In that first encounter, he’d even challenged me that if I was indeed content with the sufficient bible knowledge I claimed. I needed to give him an answer to the “spiritual meaning of a tree”, to which I almost sarcastically asked back, “well, what’s the spiritual meaning of leaves?”
But that was not the saddest part, the saddest part was my reflection of how many zealous believers in this country are too mobile to settle down, commit and remain faithful to a congregation. Know others and be known too.
Unlike in the early church, most modern Christian pilgrimage (literally speaking) is not compelled by persecution but by a consumer attitude (and often unmet spiritual hunger)
But since there is also a lot of spiritual merchandising in Uganda too lately, Church events that promise to meet the most ‘felt’ needs often earn our next presence.

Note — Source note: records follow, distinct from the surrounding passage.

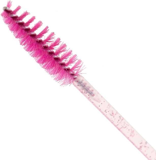 Dichte roze borstelhaartjes scheiden wimper- en wenkbrauwhaartjes gelijkmatig en helpen cosmetica egaal aan te brengen zonder klontjes.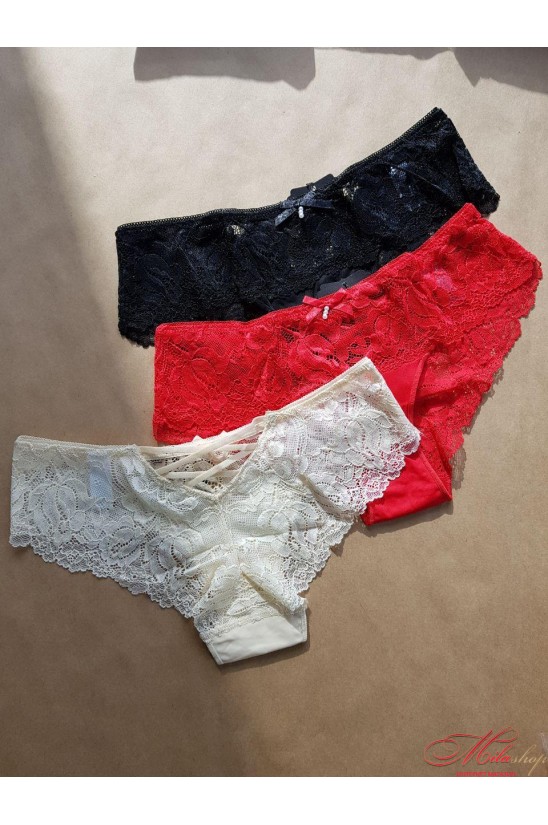Женские трусики-бразилиана из кружева и микрофибры. Сзади декорированы сексуальным вырезом со шнуровкой. Спереди украшены маленьким бантиком с бусинками. Хлопковая ластовица.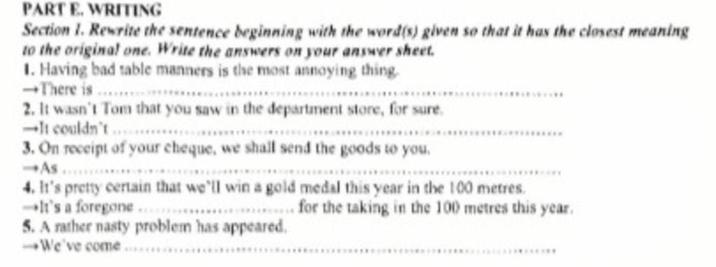 Section 1: Rewrite the sentence beginning with the word(s) given so that it has the closest meaning to the original one. Write the answers on your answer sheet.
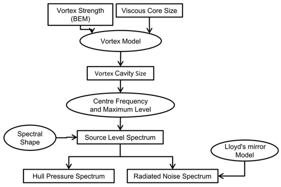 The present paper proposes a semi-empirical method to predict the broadband hull pressure fluctuations and URN by propeller tip vortex cavitation that can easily be used in the propeller design process. The method is based on the semi-empirical method to predict on board noise of cavitating tip vortices by Raestad [21]. This method relates the noise to the size of the vortex cavity that is estimated from a potential flow method. In the present method, use is made of the boundary element method (BEM) PROCAL [14,23,24] to estimate the vortex strength (circulation) of the tip vortex. This strength is used in a vortex model for the radial distribution of the azimuthal velocity to predict the cavity size for a given cavitation number. The vortex model and cavity size prediction are discussed in Section 2.1 and Section 2.2, respectively. The predicted cavity size has been used in an empirical relation for the centre frequency and maximum level of the broadband hump. This procedure is presented in Section 2.3. A flow chart of the method is shown in Figure 1. The spectral shape of the source level spectrum and conversion to hull pressure spectrum and URN spectrum is presented in Section 3. Comparison of predicted and measured spectra is presented in Section 4. The results of the method are discussed in Section 5.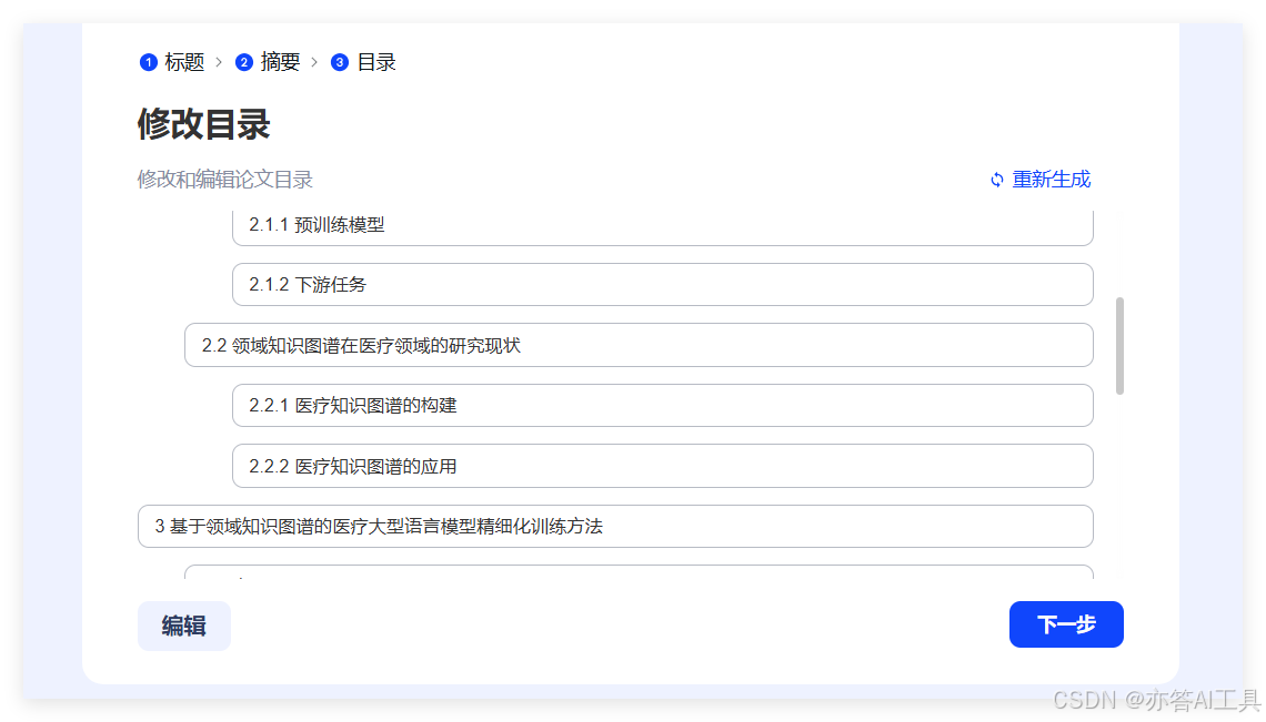 接着基于你的研究方向,帮你免费生成了摘要,同样的,可以自行编辑修改20秒左右,目录就生成完毕。此时可以浏览目录内容,如果不满意,就进行在线修改。

Unable to endure under any spiritual accountability or authority, we move from congregation to congregation long enough to say hi and short enough to close off any curiosity as to whether we may be sleeping with the boyfriend, or girlfriend.
As a result, the church’s pivotal role in discipleship and evangelism is defeated by believers often on the go, ironically.
According to 2 Tim 4:3, The search for the next spiritual high is characteristic of a people with itching ears. As Paul explains to Timothy, it’s often when we can’t endure sound doctrine that we also continue to accumulate “teachers to suit our desires.”
Nowhere does the entire New Testament model mobile believers (except for church planters and the persecuted), in fact, ordinances like holy communion and baptism, even church discipline are not partaken in transit.
The rise of a massive self-styled Christian enterprise in Uganda (run by equally eccentric entrepreneurs) means spiritual nomads will always be among us.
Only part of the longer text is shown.